Data excerpts:
================
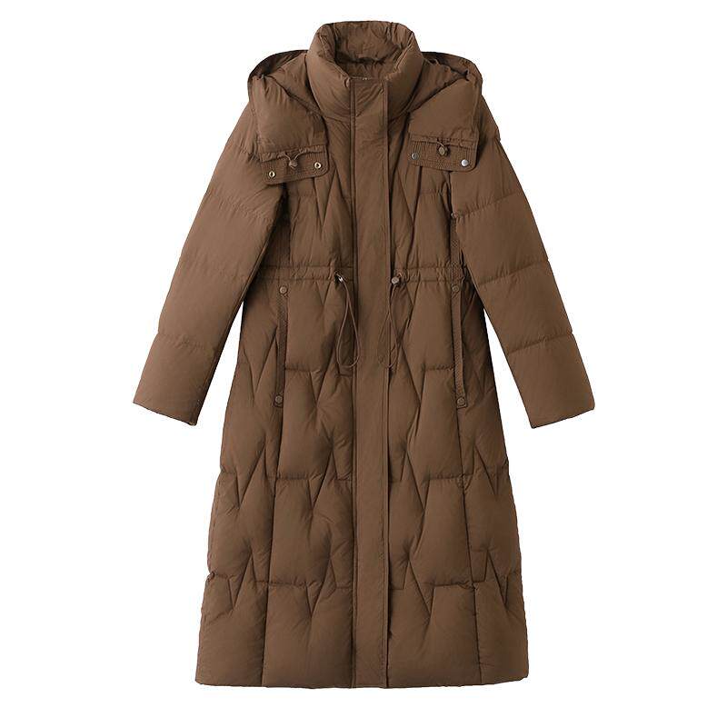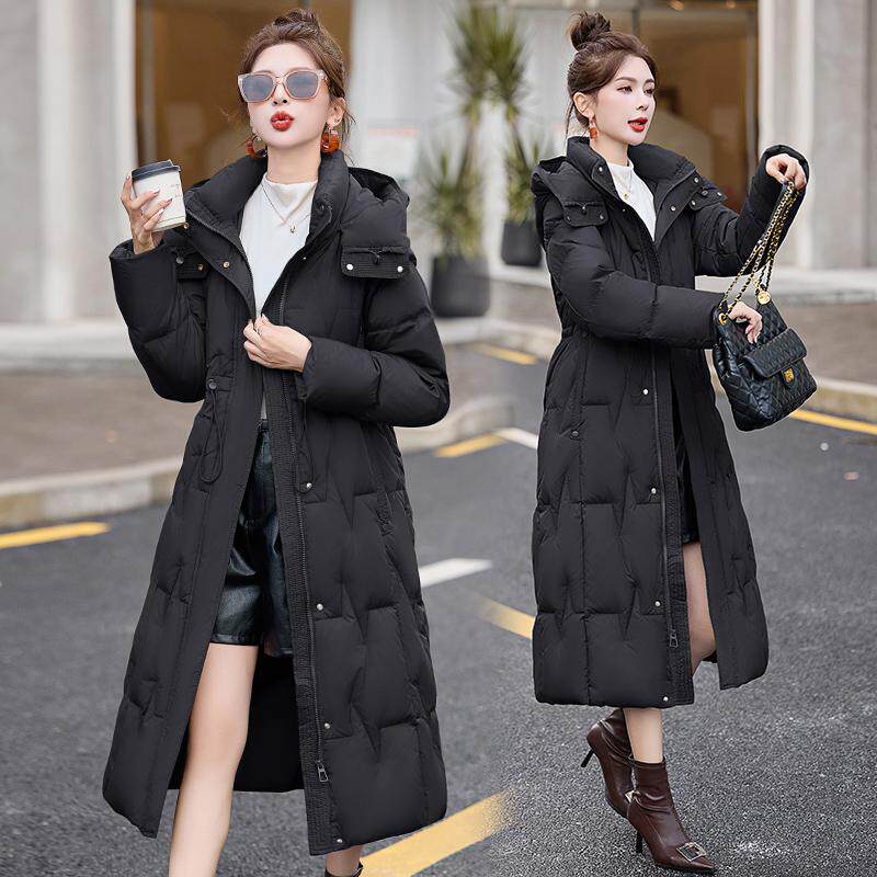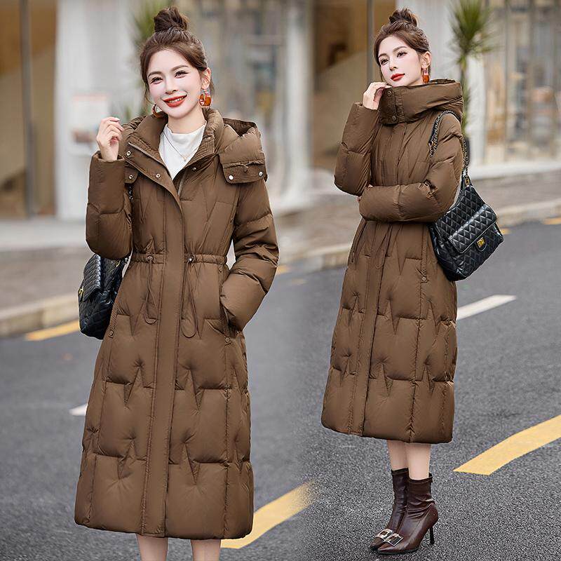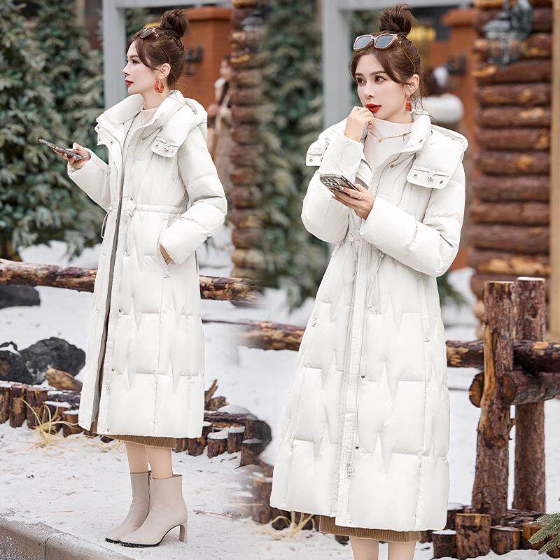 2025新款时尚羽绒服女冬束腰修身长款过膝加厚保暖连帽白鸭绒外套
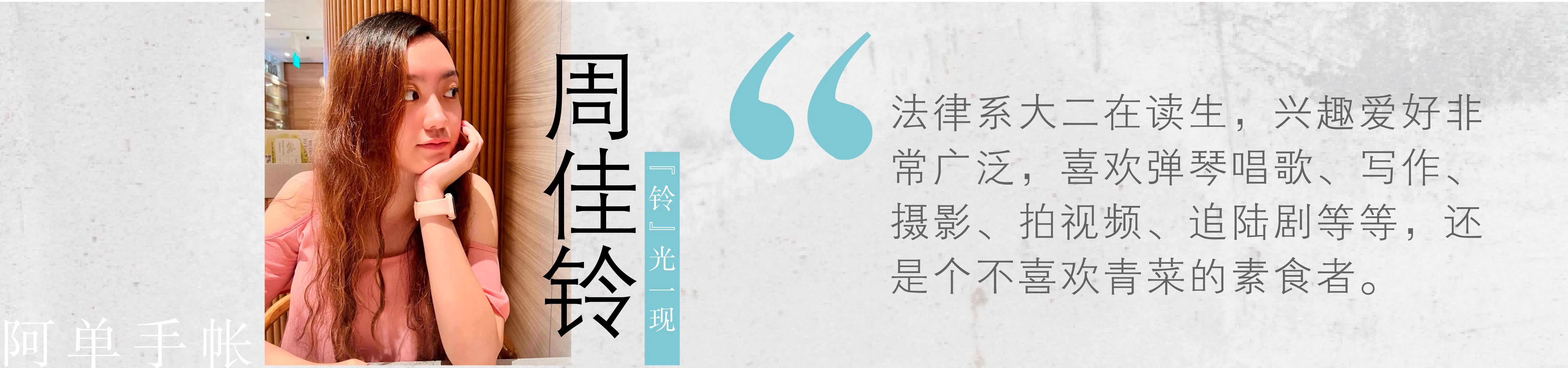 我喜欢在写作业或复习时,放一个小玩偶在旁边,既是精神寄托,也像个“监督员”或学习搭子一样陪着我。目前摆在桌上的是朋友送我的玩偶,它对我有三重意义:一、它是我最喜欢的演员——成毅所饰演的角色;二、它对应的角色是电视剧《底线》中的周亦安,一名充满朝气和正义感的年轻法官;正好适合修读法律系的我,希望将来也能成为像他一样优秀的法律工作者;三、它承载了朋友对我学业的祝福,更是我们友谊的象征。建议同学们也选择一个属于自己的精神吉祥物,让你在感到疲惫时,能有个精神支柱以及坚持的动力,提醒自己不忘初心。
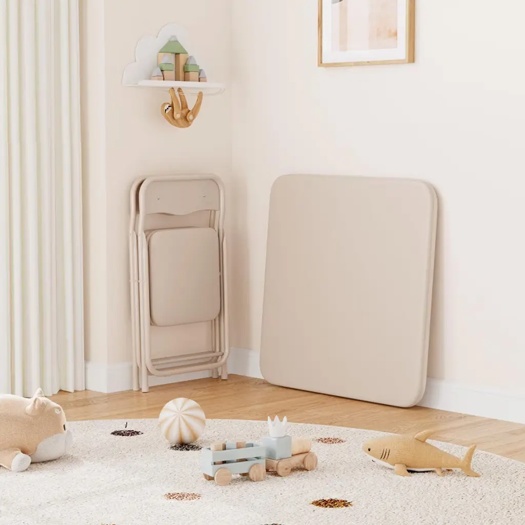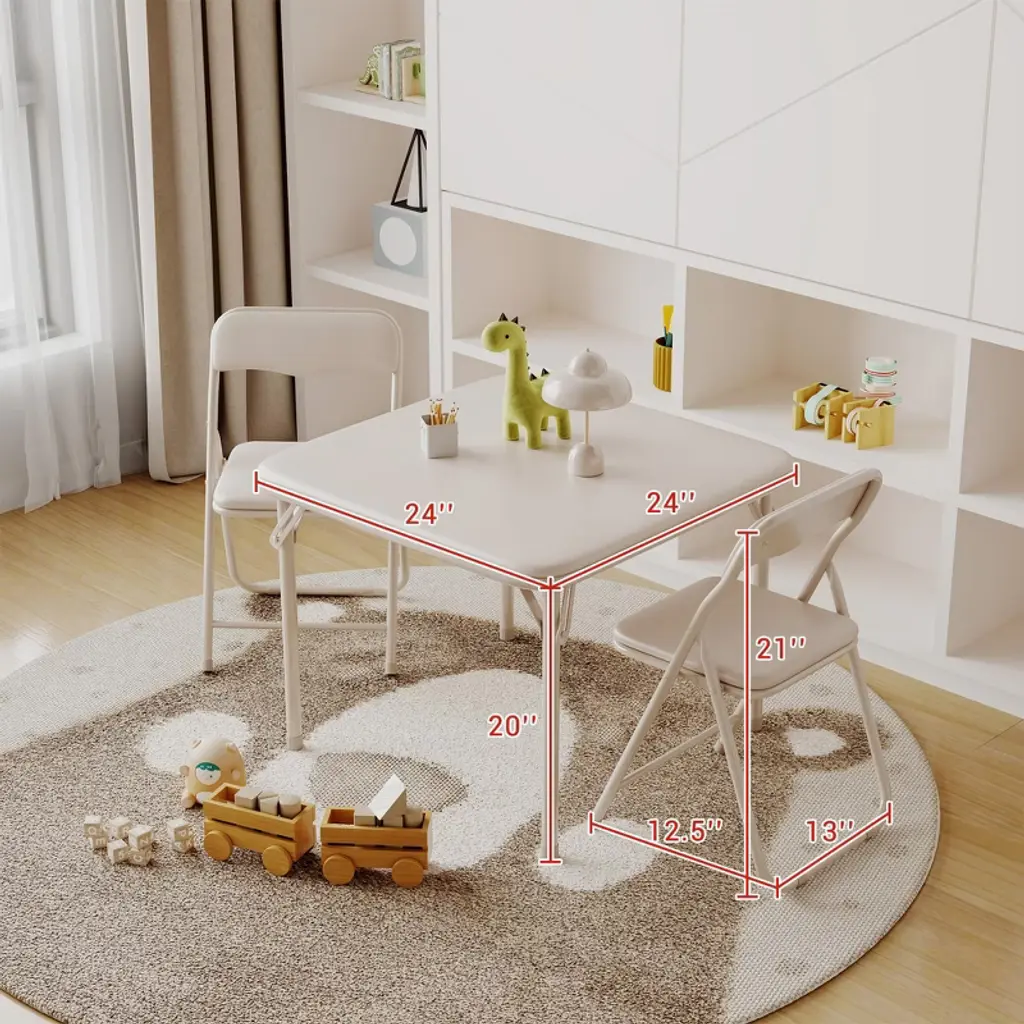Gustowave Folding Activity Table Set Of 3 - Portable Square Table With 2 Padded Cushion Chairs, Space Saving Dining Table And Chairs,beign
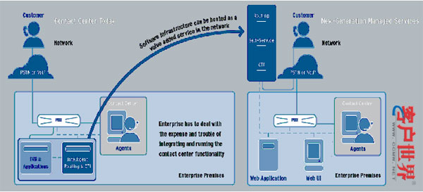 以國(guó)外的托管服務(wù)若建立在800號(hào)于C4/C5局用交換機(jī)上,許多用戶可以不用建制本地的排隊(duì)機(jī)就可以實(shí)現(xiàn)托管服務(wù)。目前國(guó)內(nèi)的運(yùn)營(yíng)商若要直接在C4/C5局用交換機(jī)因?yàn)闆]有C4/C5的CTI服務(wù)器可以連接,所以有其困難的地方,只能采用800號(hào)智能網(wǎng)新增業(yè)務(wù)與本地企業(yè)排隊(duì)機(jī)連網(wǎng)的方式來完成。但國(guó)內(nèi)運(yùn)營(yíng)商未來都會(huì)朝向NGN,采用軟交換的方向來看,企業(yè)可能再也不用采購(gòu)本地排隊(duì)機(jī),對(duì)于呼叫中心托管的業(yè)務(wù)是一個(gè)很好的方向。
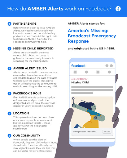 Today, we are bringing AMBER Alerts to Facebook and Instagram in Nigeria, launched in partnership with the National Agency for the Prohibition of Trafficking in Persons (NAPTIP) to increase the chances of finding missing children by increasing the number of people on the lookout.
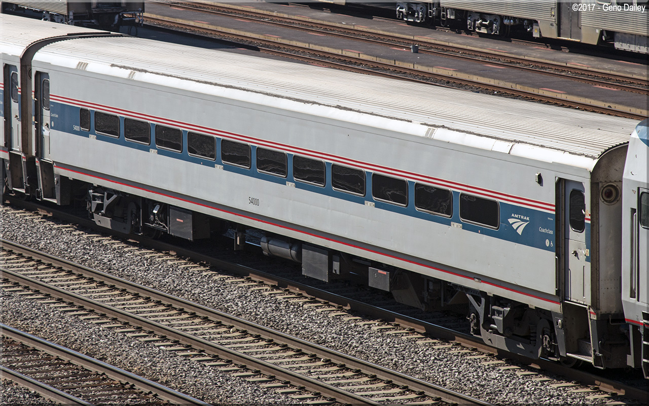 Built by Bombardier as an 82 seat coach in 1989 and numbered 54000. Historical information about this car provided by www.amtrakbythenumbers.com. |
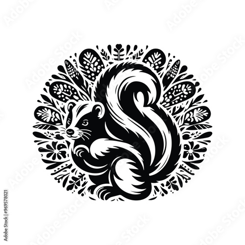 badger, skunk, raccoon, squirrel, weasel, little, ferret, striped, tail, fur, small, rodent, animal, africa, safari, mammal, wildlife, zoo, pet, wilderness, fauna, folk, art, floral, flower, ethnic, silhouette, nordic, scandinavian, folklore, cultural, native, decoration, tradition, ornate, ornament, shadow, cut-out, black-and-white, abstract, isolated, print, badge, shield, emblem, contour
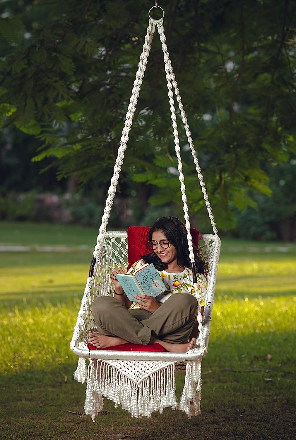 • PRODUCT SPECIFICATIONS: Built with strong and durable cotton rope with extra thickness for maximum stability and comfort, the entire swing measures at Length: 36", Breadth: 26", Full Height: 66", Weight-bearing capacity 150 Kgs, Color: White Swing with Red Square Cushion, Swing Shape: Rectangle Shape.
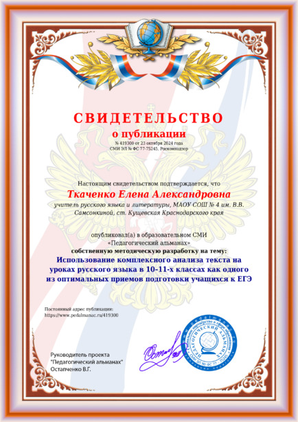 Ткаченко, Е. А. Использование комплексного анализа текста на уроках русского языка в 10–11-х классах как одного из оптимальных приемов подготовки учащихся к ЕГЭ [Электронный ресурс] / Елена Александровна Ткаченко // Педагогический альманах : [сайт]. - 2024. - 23 октября. - [Россия]. - Режим доступа: https://www.pedalmanac.ru/419300, свободный. - Загл. с экрана.
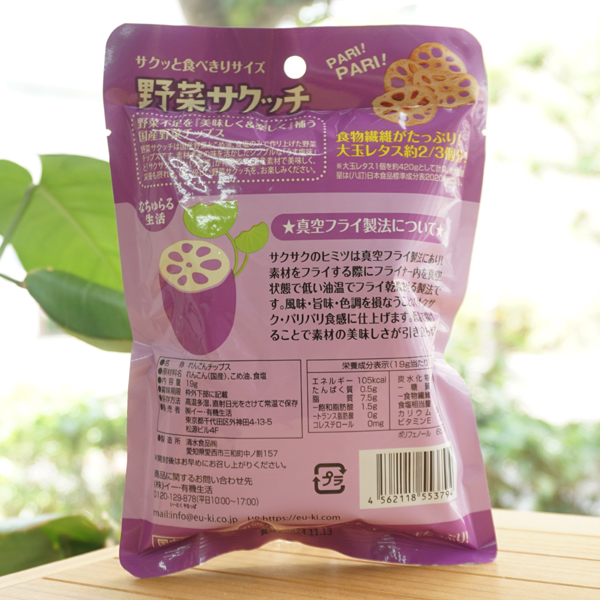 【原料名】れんこん(国産)、こめ油、食塩(天日塩)
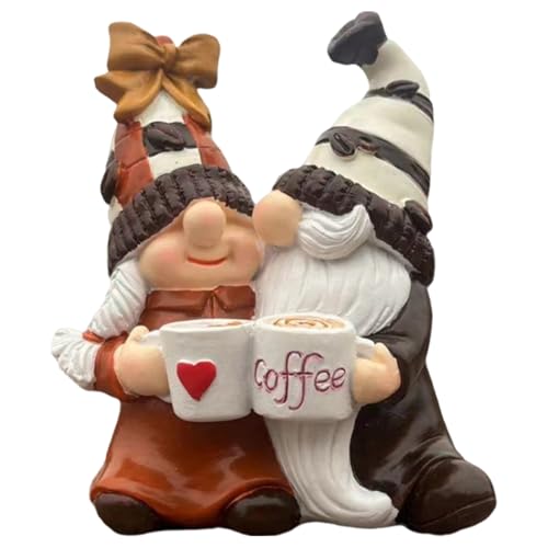 mivceklw Romantic Design Miniature Dwarf Figurines Resin Couple Gnome Statue Sturdy Coffee Gnome Decor Decorative Couple Figurines 10x5x12cm for Home, Indoor, Garden, Outdoor, Multicolor
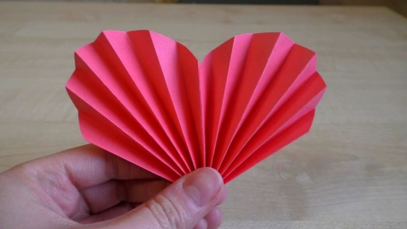Вторият вид ще бъде акордеон: сгънете червената хартия няколко пъти, така че резултатът да е поне три сърца; шаблонът трябва да съдържа само половината от очертания модел и след изрязването му ще има завършена работа.
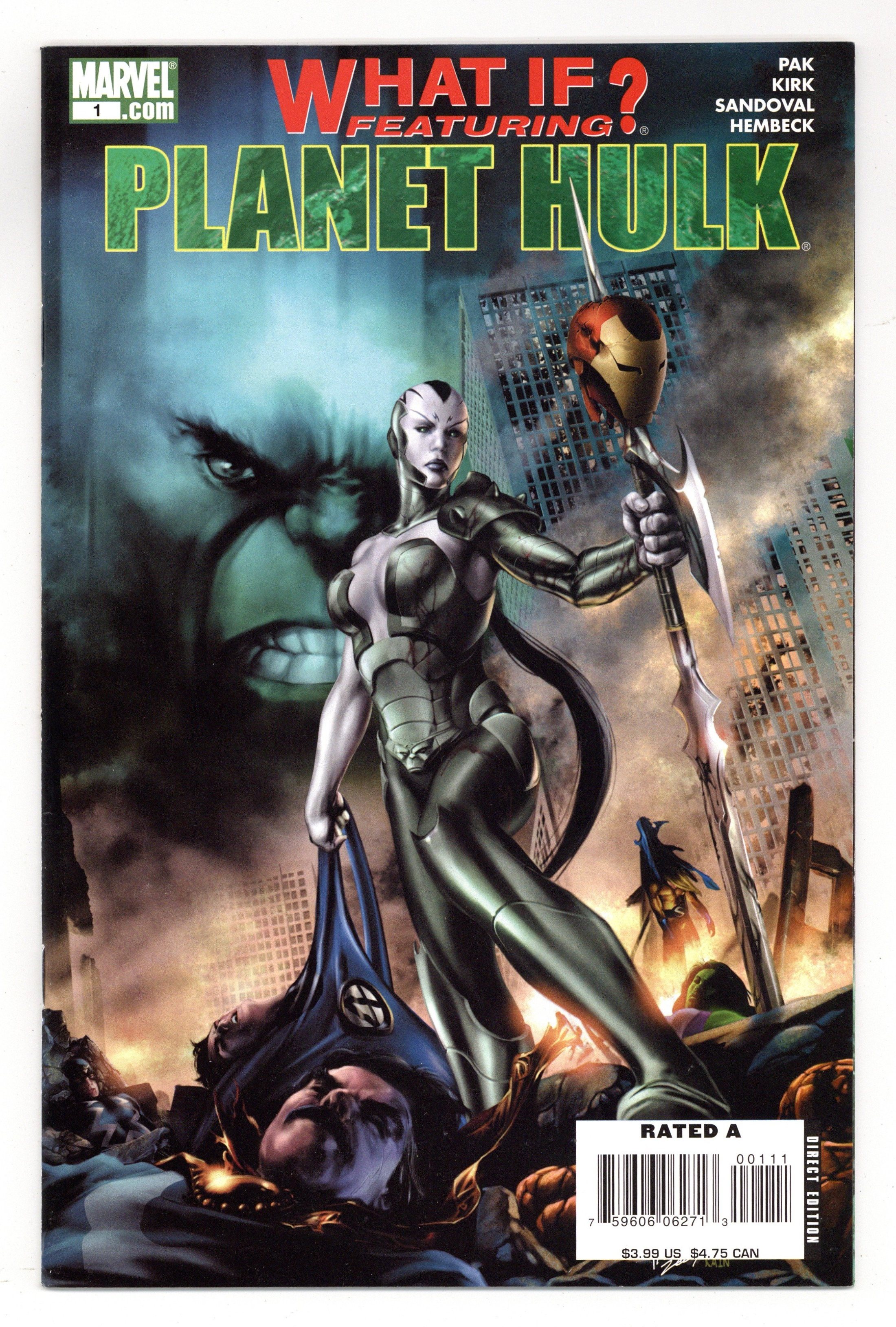 Written by GREG PAK. Penciled by LEONARD KIRK, RAFA SANDOVAL & FRED HEMBECK. Cover by CARLO PAGULAYAN. Last year, a group of Marvel heroes decided the Hulk was too dangerous for Earth, tricked him into a shuttle, and shot him into space. After the Hulk rose from slave to gladiator to conquering emperor on the savage planet of Sakaar, the shuttle exploded - destroying the Hulk's people and his pregnant queen. And the entire Marvel Universe knows what happened next as the Hulk returned to wreak his terrible vengeance in the pages of 'World War Hulk.' But what if the Hulk had landed on the peaceful planet the Marvel heroes originally intended? What if Banner had landed on Sakaar instead of the Hulk? And what if the Hulk's warrior bride Caiera the Oldstrong had come to Earth seeking vengeance instead of her husband? Get ready for three shocking tales of what could have been from the writer of the 'Planet Hulk' and 'World War Hulk' epics. Cover price $3.99.
================
--- The task ---
Your output is the lines from the top of the entries through the line containing "Built by Bombardier", exactly as they stand. No pictures belong in it.

--- Expected answer ---
 2025新款时尚羽绒服女冬束腰修身长款过膝加厚保暖连帽白鸭绒外套
 我喜欢在写作业或复习时,放一个小玩偶在旁边,既是精神寄托,也像个“监督员”或学习搭子一样陪着我。目前摆在桌上的是朋友送我的玩偶,它对我有三重意义:一、它是我最喜欢的演员——成毅所饰演的角色;二、它对应的角色是电视剧《底线》中的周亦安,一名充满朝气和正义感的年轻法官;正好适合修读法律系的我,希望将来也能成为像他一样优秀的法律工作者;三、它承载了朋友对我学业的祝福,更是我们友谊的象征。建议同学们也选择一个属于自己的精神吉祥物,让你在感到疲惫时,能有个精神支柱以及坚持的动力,提醒自己不忘初心。
Gustowave Folding Activity Table Set Of 3 - Portable Square Table With 2 Padded Cushion Chairs, Space Saving Dining Table And Chairs,beign
 以國(guó)外的托管服務(wù)若建立在800號(hào)于C4/C5局用交換機(jī)上,許多用戶可以不用建制本地的排隊(duì)機(jī)就可以實(shí)現(xiàn)托管服務(wù)。目前國(guó)內(nèi)的運(yùn)營(yíng)商若要直接在C4/C5局用交換機(jī)因?yàn)闆]有C4/C5的CTI服務(wù)器可以連接,所以有其困難的地方,只能采用800號(hào)智能網(wǎng)新增業(yè)務(wù)與本地企業(yè)排隊(duì)機(jī)連網(wǎng)的方式來完成。但國(guó)內(nèi)運(yùn)營(yíng)商未來都會(huì)朝向NGN,采用軟交換的方向來看,企業(yè)可能再也不用采購(gòu)本地排隊(duì)機(jī),對(duì)于呼叫中心托管的業(yè)務(wù)是一個(gè)很好的方向。
 Today, we are bringing AMBER Alerts to Facebook and Instagram in Nigeria, launched in partnership with the National Agency for the Prohibition of Trafficking in Persons (NAPTIP) to increase the chances of finding missing children by increasing the number of people on the lookout.
 Built by Bombardier as an 82 seat coach in 1989 and numbered 54000. Historical information about this car provided by www.amtrakbythenumbers.com. |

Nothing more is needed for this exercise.